━━━ Data supplied
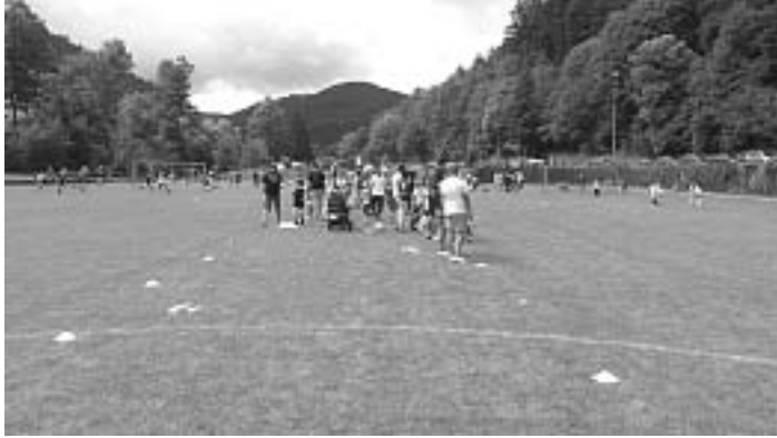
VfR Hornberg Jugendabteilung

Fans angefeuert. Das Turnier wurde im sogenannten Fair-Play-Modus ausgespielt, so dass am Schluss alle Sieger waren und mit einem kleinen Pokal belohnt wurden, welcher sofort stolz präsentiert wurde. Das Premierturnier war insgesamt ein voller Erfolg, welcher nur durch die vielen Helfer möglich war. Bei diesen möchte sich die Jugendleitung des VfR Hornberg hiermit nochmals ausdrücklich bedanken.
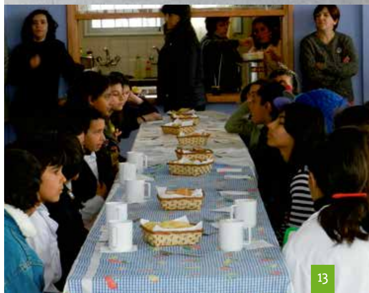
Niños y niñas de Escuelas Rurales y de la Escuela N° 382 junto con docentes y educadores
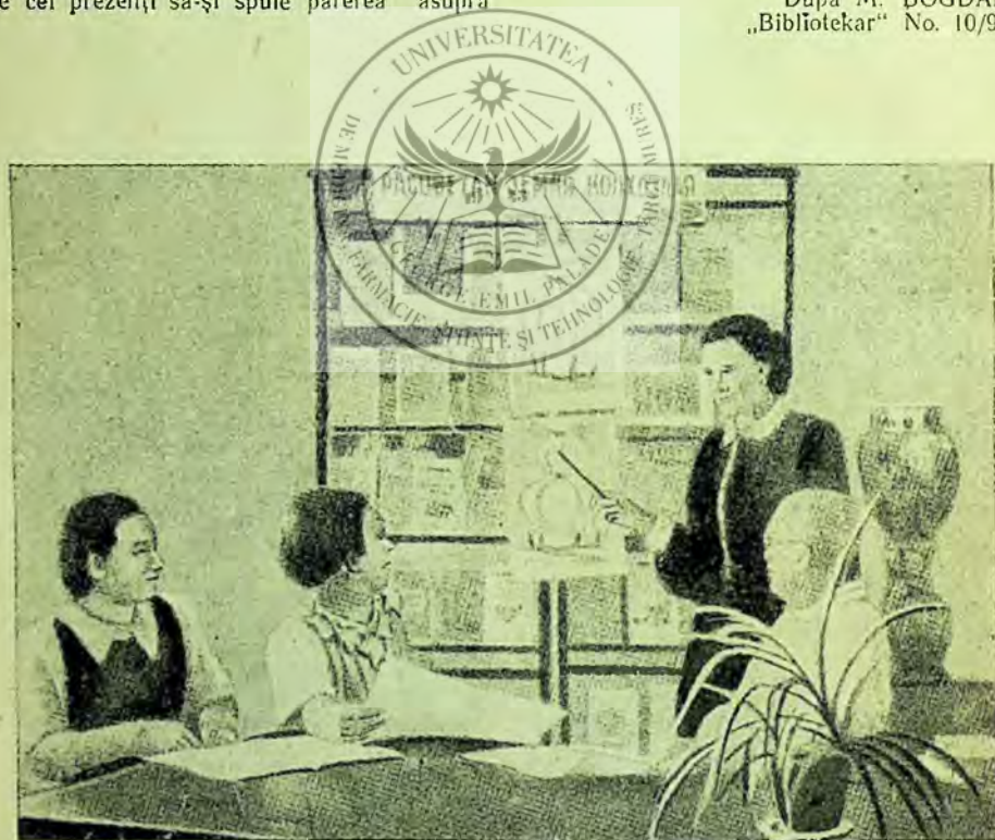
O expunere bibliografică la biblioteca orașenească „A. P. Cehov” din Ialta

După M. BOGDAN „Bibliotecar” No. 10/1952
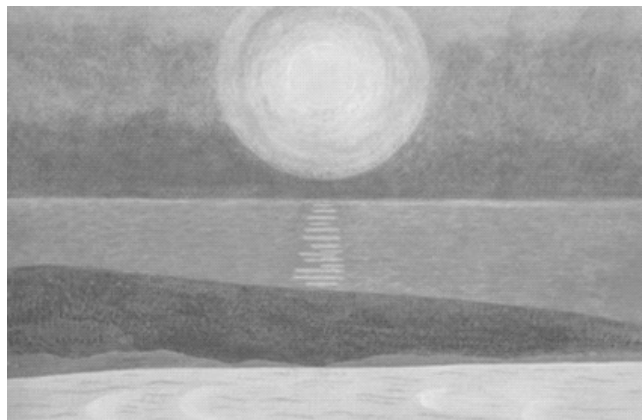
《奥の細道句抄絵 暑き日を海にいれたり最上川》 1976年 京都国立近代美術館蔵
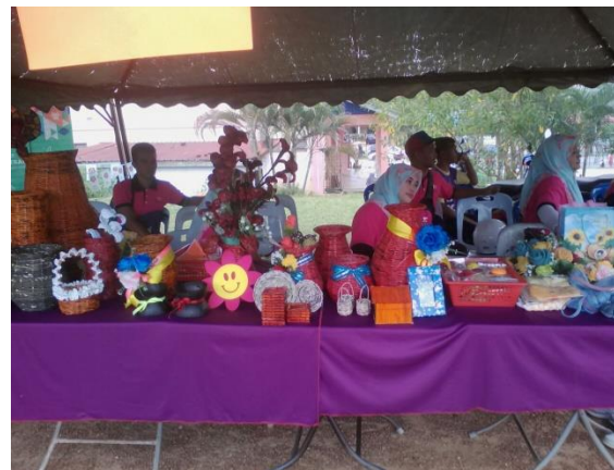
Pameran &amp; Jualan Produk Kraf Tangan PDK
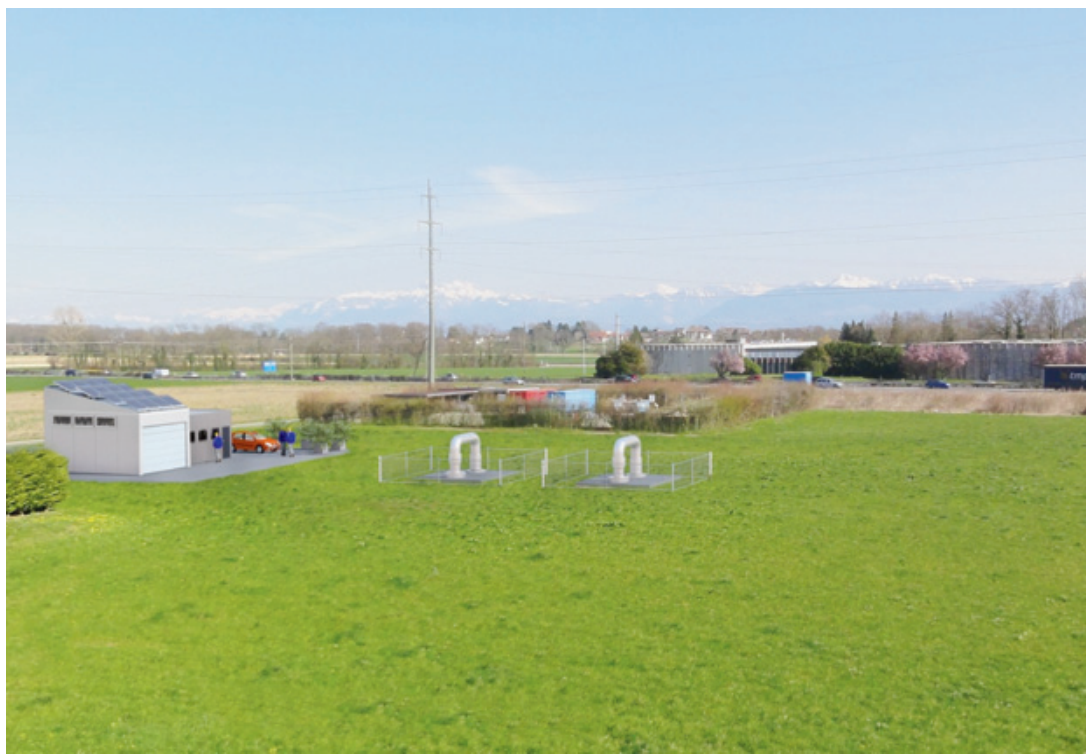
Cette image de synthèse montre que l'installation de géothermie sera assez discrète.

VINZEL Quatre partenaires régionaux se sont unis pour mener à bien l'installation d'une plateforme de forage pour la géothermie.
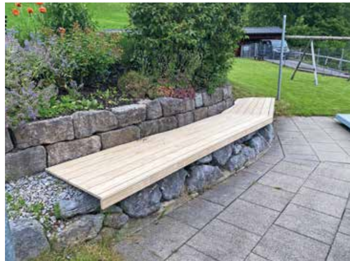
In diesem Jahr wurden zahlreiche Verbesserungen im Schwimmbad vorgenommen, darunter die Erneuerung der Bänke mit frischen Holzplatten.

Das Schwimmbad war in diesem Jahr vom 1. Juni bis zum 8. September 2024 geöffnet. Leider konnten wir aufgrund ungünstiger Wetterverhältnisse vom 1. bis 16. Juni den Betrieb nicht aufnehmen. Dennoch hatten wir in der gesamten Saison 78 Betriebstage, an denen uns eine beeindruckende Anzahl von 16.427 Besucher:innen die Treue gehalten hat. In dieser Saison wurden zahlreiche Verbesserungen vorgenommen, um den Komfort und die Sicherheit unserer Gäste weiter zu steigern. Eine bedeutende Maßnahme war das Entfernen von vier schattenspendenden Bäumen auf der Liegewiese. Es handelte sich um Eschen, die durch einen Pilzbefall stark geschädigt und deren Wurzeln bereits morsch waren. Diese Bäume hätten keinen Schatten mehr gespendet und mussten aus Sicherheitsgründen entfernt werden. Zusätzlich wurde eine neue Schwimmaleine installiert, um den Schwimmer- vom Nichtschwimmerbereich zu trennen. So konnten Besucher:innen ungestört tauchen und spielen, ohne die Schwimmer im Längsbereich zu stören. Sämtliche Bänke wurden mit neuen Holzplatten versehen und der Liegerost im MuKi-Bereich erneuert.
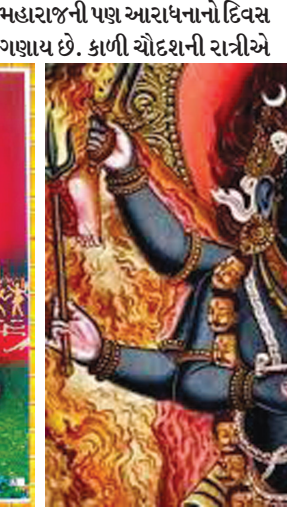
ભુવા-તાંત્રિકો વગેરે દ્વારા સ્મશાન અથવા અગોચર જગ્યાએ મંત્ર-તંત્ર અને મેલી વિદ્યા સાથે વિવિધ ગુપ્ત વિધીઓ કરવામાં આવતી હોય છે
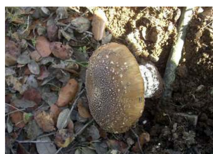
Amanita pantherina (Pantera)
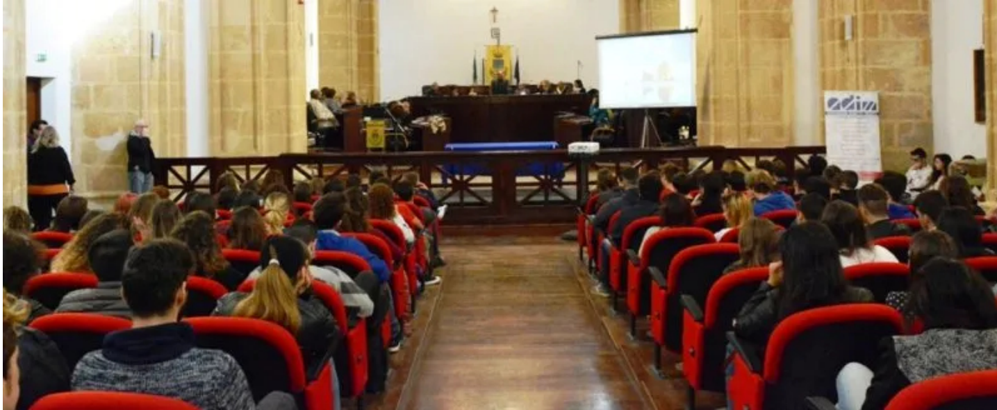
L'assemblea pubblica della precedente edizione
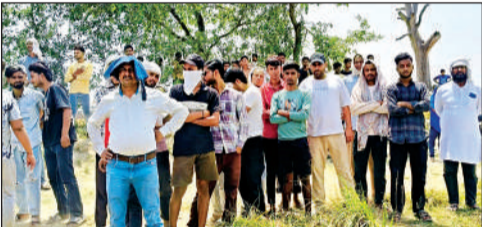
खंडहरनुमा हड्डी मिल में शव मिलने पर एकत्र लोग।
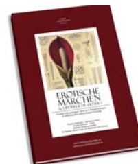
CD »EROTISCHE MÄRCHEN & LIEDERLICHE LIEDER«
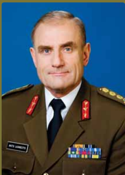
Генерал-лейтенант Антс Лаанеотс , Руководитель Вооруженных сил

С военной точки зрения – у НАТО нет в мире противников
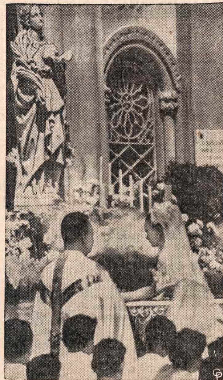
JAUNAV DĖ Grace Kelly eina bučiuoti relikvijų vienos krikščionės kankinės Monako bažnyčioje.
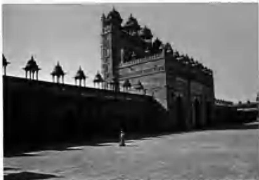
Уттар прадеш Фотеҳпур сикрий шаҳридаги жаме масжиднинг «Баланд дарвозаси» кўринишлари
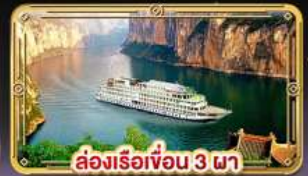
ล่องเรือเขื่อน 3 ภา
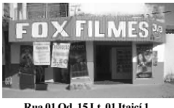
Rua 01 Qd. 15 Lt. 01 Itaiçá I

A FOX agradece a você cliente, que nos prestigia diariamente com sua ilustre presença e convida você que ainda não teve a oportunidade de vir degustar o mais saboroso churrasquinho da cidade, além da cerveja mais gelada, uma enorme variedade de porções e um atendimento cordial com um preço justo.
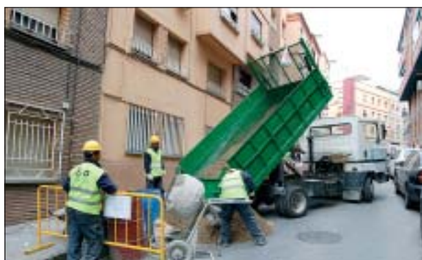
TREBALLS REALITZATS AL CARRER DE ZAMENHOF

Inclòs en el projecte de remodelació del barri de Can Mas, una de les actuacions organitzades des del Patronat Municipal d'Ocupació és el disseny i execució de les obres necessàries per tal d'eliminar les barreres arquitectòniques del barri de Can Mas. Actualment s'estan eliminant totes les del carrer de Girona amb Sant Pol, Mercè amb Girona, València amb Girona i la vorera de Dr. Zamenhof, des de Sant Jaume fins Monturiol, a part d'al-
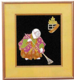
933-6 1-820-15 パネル 高砂 ¥25,000 (38×41.1)
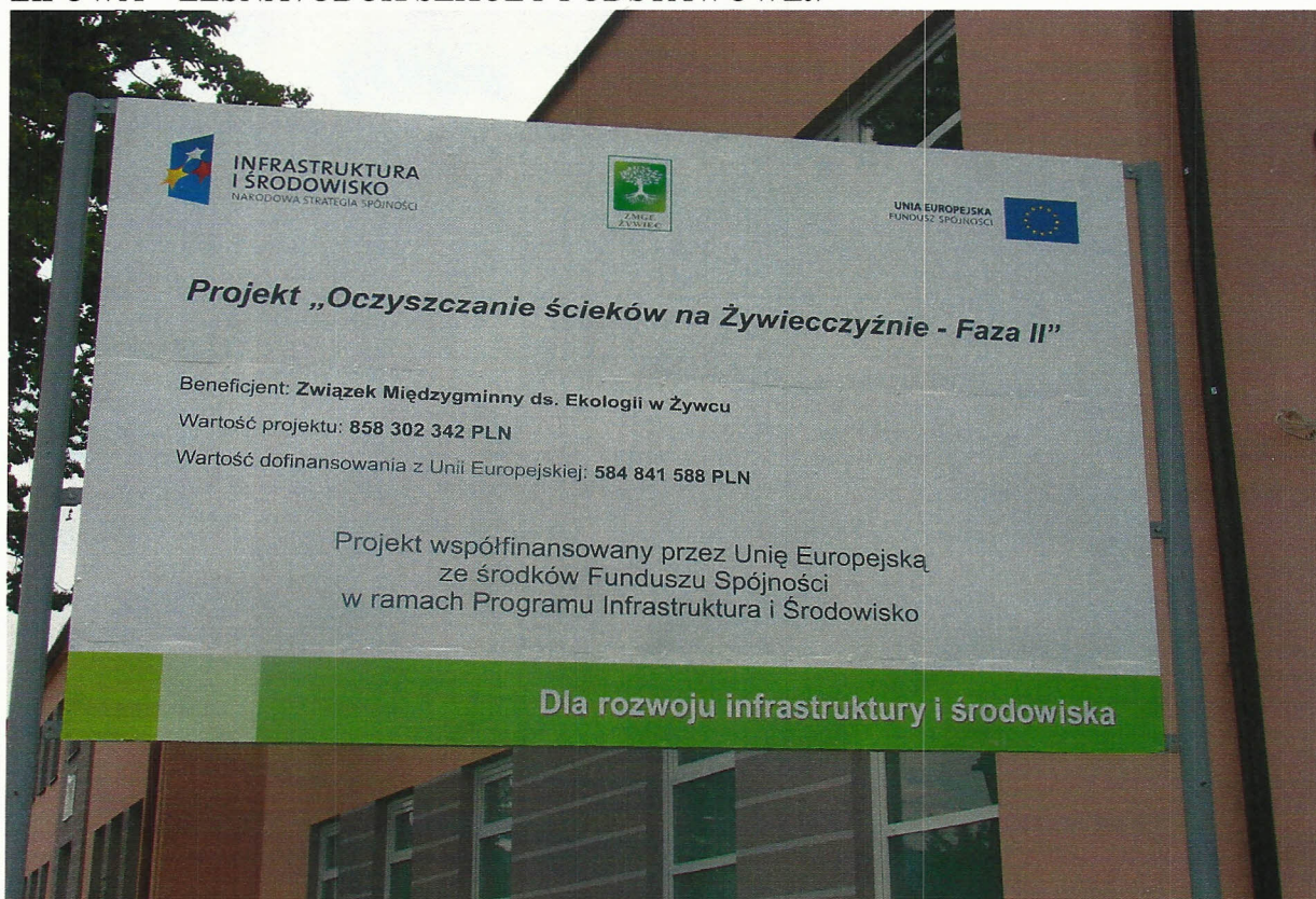
TABLICA NR 2 – PERSPEKTYWA DALSZA LIPOWA – LEŚNA /OBOK SZKOŁY PODSTAWOWEJ/
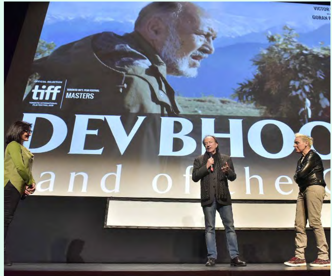
Goran Paskaljevic, presentando su película Land of the Gods .
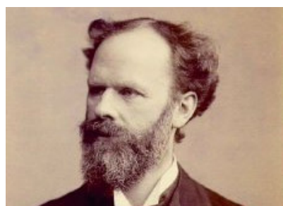
Abbildung 3 Willoughby Dayton Miller (1853–1907) – Begründer der chemisch-parasitären Karies-Theorie und berühmtester Präsident der Gesellschaft.

Doch trotz vereinter Bemühungen gelang es CVdZ und VbDZ erst im Jahr 1909, die Einführung des Abiturs als verbindliche Studienvoraussetzung für das Fach Zahnheilkunde durchzusetzen. Nun war die seit fünf Jahrzehnten angestrebte Angleichung an den bildungsbürgerlichen Beruf des Arztes erreicht. Im Jahr 1919 wurde den deutschen Zahnärzten zudem das Promotionsrecht im eigenen Fach und 1923 überdies die
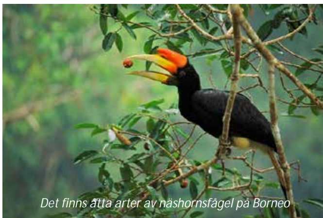
Det finns åtta arter av näshornsfågel på Borneo

Ännu en dag i denna fantastiska nationalpark! Ni stävar längre in än de flesta kommer och därför är också möjligheterna att se såväl orangutanger som andra arter större än annars. Ni gör flera stopp för vandringar i regnskogen under dagen. Under dagarna här kommer ni verkligen att se att Borneo kan uppvisa en av världens största biologiska mångfalter. Enligt Världsnaturfonden så har ön sju ekoregioner, omkring 15 000 växtarter varav 3 000 trädarter, 221 arter landdäggdjur och 420 arter av häckande fåglar – nästan dubbelt så många som i Sverige! Det finns flera endemiska eller halvendemiska (endemisk är en art om den endast lever inom ett begränsat område) arter; orangutang samt mycket sällsynta arter som trädleoparden, asiatisk elefant och Sumatranoshörning.
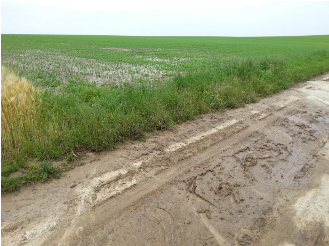
Foto : Zicht op het perceel vóór de werken
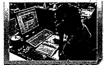
【北海道留萌市】 観光情報の収集・発信

○ 愛媛県 【雇用者数6名】 えひめ観光イベントPRキャラバン隊が愛媛ゆかりの小説や歴史上の人物にふんして、全国を訪問し、「しまなみ海道」開通10周年と秋から放送されるドラマ「坂の上の雲」等、愛媛の魅力PRする。
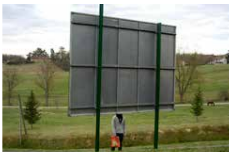
Paul Pouvreau Le cadeau (Mirande), 2008 80 x 120 cm
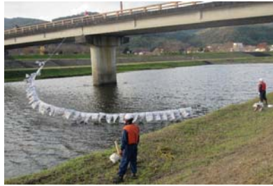
<安来市班によるオイルフェンス展張>
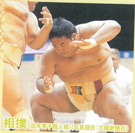
相撲 (成年男子個人戦)
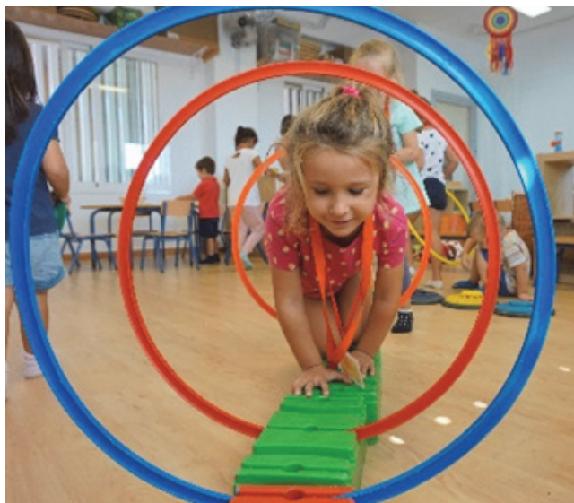
Imagen 10: Experiencia motriz

Con este ambiente pretendemos que el alumnado vaya adquiriendo autonomía en la realización de las actividades de vida práctica, progresando en la coordinación y control del cuerpo en situaciones psicomotrices, descubriendo sus posibilidades de acción y de expresión, explorando nociones básicas de orientación en el espacio del ambiente, favoreciendo el dominio del movimiento corporal para avanzar en la relación y la comunicación con los demás y los objetos estimulando la capacidad sensitiva.
━━━━━━
What lines above run from the one with "Rua 01 Qd. 15 Lt. 01 Itaiçá I" to the one with "TREBALLS REALITZATS AL CARRER DE ZAMENHOF"? Give them again exactly, ends included, and leave the pictures out.

Rua 01 Qd. 15 Lt. 01 Itaiçá I

A FOX agradece a você cliente, que nos prestigia diariamente com sua ilustre presença e convida você que ainda não teve a oportunidade de vir degustar o mais saboroso churrasquinho da cidade, além da cerveja mais gelada, uma enorme variedade de porções e um atendimento cordial com um preço justo.
TREBALLS REALITZATS AL CARRER DE ZAMENHOF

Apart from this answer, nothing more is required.